天国か地獄


 04

 寮を後にし、俺たちは校舎内へと足を踏み入れた。
 昇降口付近。
 学年の靴箱まで行き、靴と上履きを履き替える俺。
 近くの靴箱で履き替えている栫井を見て、俺は栫井と同級生だったことを思いだす。
 一つ学年が上の芳川会長はこの場にはいない。

「……」

 爪先で軽く床を蹴り、踵まで足をいれる俺。
 なんとなく栫井に目を向けた。
 相変わらず目が死んでいる。というか全体的に生気がない。
 なにを考えているかわからない人は苦手だ。
 思いながら、俺は栫井から視線を逸らす。
 そういえば、栫井にはいろいろ聞きたいことがあったんだった。
 ここ数日でいろいろあったおかげですっかり忘れていた俺は、栫井に声をかけようとして直前、それを躊躇する。
 やはり昨日のことが俺に結構なダメージを与えていたようだ。別に、今じゃなくてもいいか。上履きを履いた俺は、栫井の背後を通り過ぎ昇降口にある階段の側で待っている芳川会長のもとへ向かう。
 壁際に立っていた芳川会長は、俺の姿を見つけ頬を綻ばせた。

「栫井は?どうした」

 一人の俺を見て、辺りに目を向ける芳川会長に俺は「すぐにくると思います」と答える。
 そういってしばらくもしないうちに上履きに履き替えた栫井がひょっこりやってきた。
 栫井がやってきたのを確かめ、芳川会長が階段に足を乗せたときだった。

「芳川君」

 近くを通りかかった教師が、芳川会長に声をかける。
「おはようございます」芳川会長は段に乗せた片足を引っ込め、その教師の方に体を向けた。

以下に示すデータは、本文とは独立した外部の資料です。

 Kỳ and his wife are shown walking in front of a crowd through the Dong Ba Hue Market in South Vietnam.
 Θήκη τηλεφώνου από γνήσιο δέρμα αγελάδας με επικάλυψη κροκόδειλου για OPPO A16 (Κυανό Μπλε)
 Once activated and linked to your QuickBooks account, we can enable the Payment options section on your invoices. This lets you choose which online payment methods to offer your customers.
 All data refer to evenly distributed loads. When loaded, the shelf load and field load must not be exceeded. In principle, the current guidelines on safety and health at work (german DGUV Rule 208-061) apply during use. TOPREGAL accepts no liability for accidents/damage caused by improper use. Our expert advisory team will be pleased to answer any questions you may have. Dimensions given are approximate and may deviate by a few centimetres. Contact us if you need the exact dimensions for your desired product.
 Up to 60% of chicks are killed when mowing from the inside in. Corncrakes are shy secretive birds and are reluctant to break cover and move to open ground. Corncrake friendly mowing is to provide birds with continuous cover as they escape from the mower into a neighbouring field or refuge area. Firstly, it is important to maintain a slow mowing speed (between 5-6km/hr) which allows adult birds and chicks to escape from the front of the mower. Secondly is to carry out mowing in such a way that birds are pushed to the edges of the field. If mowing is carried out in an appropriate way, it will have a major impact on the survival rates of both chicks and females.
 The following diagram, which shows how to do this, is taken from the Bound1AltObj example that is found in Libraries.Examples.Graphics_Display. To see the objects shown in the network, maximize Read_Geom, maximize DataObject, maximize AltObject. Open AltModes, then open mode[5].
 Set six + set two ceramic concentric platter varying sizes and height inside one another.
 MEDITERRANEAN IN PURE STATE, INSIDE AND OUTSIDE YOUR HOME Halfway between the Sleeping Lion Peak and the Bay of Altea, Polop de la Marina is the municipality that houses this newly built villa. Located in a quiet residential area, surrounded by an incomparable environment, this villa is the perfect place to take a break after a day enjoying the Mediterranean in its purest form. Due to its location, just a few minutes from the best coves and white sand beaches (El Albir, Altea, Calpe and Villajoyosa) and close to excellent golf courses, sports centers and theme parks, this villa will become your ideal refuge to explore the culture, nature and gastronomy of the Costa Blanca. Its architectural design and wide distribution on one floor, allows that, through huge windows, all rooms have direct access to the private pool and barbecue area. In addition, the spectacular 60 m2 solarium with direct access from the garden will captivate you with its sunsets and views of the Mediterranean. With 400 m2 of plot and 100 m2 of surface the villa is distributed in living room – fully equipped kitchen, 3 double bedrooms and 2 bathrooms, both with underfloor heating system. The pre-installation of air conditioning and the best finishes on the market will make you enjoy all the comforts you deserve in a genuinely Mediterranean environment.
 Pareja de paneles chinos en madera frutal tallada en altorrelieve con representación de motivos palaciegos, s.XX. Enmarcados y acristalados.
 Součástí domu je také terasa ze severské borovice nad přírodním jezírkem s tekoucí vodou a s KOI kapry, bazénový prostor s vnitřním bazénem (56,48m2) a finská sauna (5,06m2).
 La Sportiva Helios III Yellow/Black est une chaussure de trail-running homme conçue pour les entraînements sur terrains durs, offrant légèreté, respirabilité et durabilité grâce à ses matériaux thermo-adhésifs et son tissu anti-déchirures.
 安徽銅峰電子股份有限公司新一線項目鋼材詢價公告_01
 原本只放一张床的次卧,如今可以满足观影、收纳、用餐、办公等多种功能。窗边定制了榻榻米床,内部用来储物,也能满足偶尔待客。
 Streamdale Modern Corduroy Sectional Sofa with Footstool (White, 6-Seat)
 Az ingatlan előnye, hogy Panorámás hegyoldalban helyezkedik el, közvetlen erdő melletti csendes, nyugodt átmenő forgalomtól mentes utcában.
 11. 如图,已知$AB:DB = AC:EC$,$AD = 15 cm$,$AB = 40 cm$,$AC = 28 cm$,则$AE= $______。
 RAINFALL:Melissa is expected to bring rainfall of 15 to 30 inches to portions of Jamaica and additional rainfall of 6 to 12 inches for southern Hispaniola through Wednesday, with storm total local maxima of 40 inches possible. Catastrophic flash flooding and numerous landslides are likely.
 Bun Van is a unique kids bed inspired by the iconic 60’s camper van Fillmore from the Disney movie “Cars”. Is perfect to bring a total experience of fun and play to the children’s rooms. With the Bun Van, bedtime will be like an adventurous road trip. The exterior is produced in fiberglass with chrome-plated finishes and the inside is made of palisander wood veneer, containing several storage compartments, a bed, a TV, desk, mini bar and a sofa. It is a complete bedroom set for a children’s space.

「丁度よかった。昨日の話し合いのことなんだけど、あ、そうだ。ちょっと今からいいかな」
「今からですか?」

 教師の言葉に、芳川会長はこちらに目を向けた。
 心底困ったような顔だ。
 やはり役職が役職なだけに暇じゃないらしい。
 言葉に詰まる芳川会長に、教師が心配そうな顔をする。

「あー、じゃあ、俺ら先に行っときますんで」

 口を開いたのは栫井だった。
 言いながら、栫井は俺の腕を引っ張り強引に階段を上がっていく。
「ちょ……っ」びっくりして、慌てて段差に足を引っかけそうになるのを手すりを掴んで回避した。
 腕を引っ張るのはまだいい。せめて一言くらい言ってくれ。
 背中をヒヤリとさせながら、俺は栫井の背中を睨むように見た。

「気の回らない奴」

 そんな俺の視線を感づいたのか、栫井はこちらを振り返るとぽつりとそう呟く。
「……」そのたった一言が、ぐさりと胸に突き刺さった。
 踊り場まで上った俺は、ふと階段下の昇降口に目を向けた。
 既にそこに芳川会長の姿はない。どうやら先ほどの教師についていったようだ。

「おい、止まるな」
「あ、ごめ……」

 栫井に言われ、つい謝ってしまいそうになる。
 鬱陶しそうに目を細める栫井は、こちらを一瞥するとそこでようやく手を離してくれた。
 ふいと俺から顔を逸らした栫井は、そのまま階段を上がりだす。
 なんとなく置いていかれるのが嫌で、慌てて俺は栫井の後を追うように階段を上がっていった。
 数人の生徒が階段を上り下りしていく中、俺たちもまた無駄に長い階段を上っていく。

「お前、よく俺と一緒にいれるな」

 不意に、一段先を歩く栫井がそう俺に声をかけてきた。
「え?」栫井の声を聞いていなかった俺は、聞き返すようにそう顔をあげる。
 見えるのは栫井の背中だけだ。
 どんな顔をしているかまではわからなかったが、恐らく、いつも通りの眠たそうな顔をしているに違いない。

「ごめん、聞いてなかった……」

 言いながら、俺はしどろもどろと謝罪の言葉を口にした。
 栫井は俺の方を見るわけでもなく、そのまま階段を上がっていく。
 どうやら、二回も同じことをいう気はないようだ。

 栫井の言葉が気になる反面、どうせまた俺に対する悪口だろうと一人納得する俺。
 しつこく問い掛け、栫井の口を割らせる勇気もなかった俺はもやもやとしながら階段を上がる。
 それから、俺は栫井の後についていくような形で二年の教室へと向かった。

「……」
「……」

 やはり俺たちの間に会話はない。
 俺自身、栫井との間に友好関係を望んでいるわけではないのでそれはそれで別に構わなかった。
 それに、周りには他の生徒もいる。
 流石の栫井も人前で嫌がらせ染みたことを仕掛けて来ないはずだ。
 階段を上りきった俺たちは、廊下を歩く。
 とにかく、相手が誰であれ一人よりかはましだと思った。
 昨日一悶着あった栫井相手にそう思ってしまう自分に半ば呆れつつ、俺は栫井に近付きすぎない程度に背後からついて歩く。
 ときたま、栫井はそんな俺を鬱陶しそうに見ながらもなにも言わずに廊下を歩いた。
 そんな状態が暫く続き、俺たちは目的地である俺の教室前までやってくる。

「あ、じゃあ、俺は、これで」

 そのまま俺の教室前を通り過ぎていく栫井の背中に向かって、慌てて足を止めた俺は声をかけた。
『送ってくれてありがとう』というのも可笑しいと思った俺はそれだけを言って、黙って栫井の後ろ姿を見送る。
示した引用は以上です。